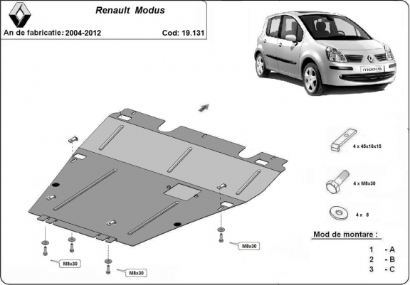 Acél motor, kapcsolószekrény védőlemez Renault Modus (2004-2012)
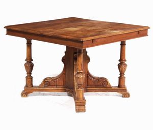Largh. 145 - Prof. 67 - Alt. 87 cm Gambe scolpite a volute, terminanti a ricciolo e riunite da traversa centrata [..]
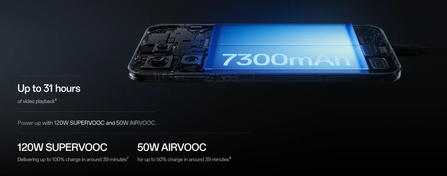 そして急速充電はお得意のSuperVOOCで最大80Wの有線急速充電に対応し、また50W AIRVOOCワイヤレス充電にも対応しています。
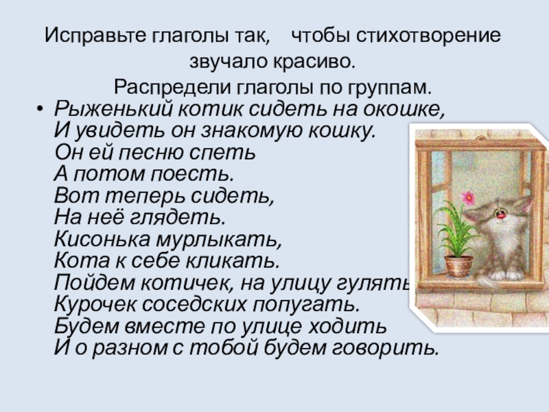 Исправьте глаголы так, 	чтобы стихотворение звучало красиво. Распредели глаголы по группам.  Рыженький котик сидеть на окошке,

> TASK DETAILS
Return the material above verbatim, minus the pictures.

> RESULT FOR THIS TASK
 Acél motor, kapcsolószekrény védőlemez Renault Modus (2004-2012)
Largh. 145 - Prof. 67 - Alt. 87 cm Gambe scolpite a volute, terminanti a ricciolo e riunite da traversa centrata [..]
 そして急速充電はお得意のSuperVOOCで最大80Wの有線急速充電に対応し、また50W AIRVOOCワイヤレス充電にも対応しています。
 Исправьте глаголы так, 	чтобы стихотворение звучало красиво. Распредели глаголы по группам.  Рыженький котик сидеть на окошке,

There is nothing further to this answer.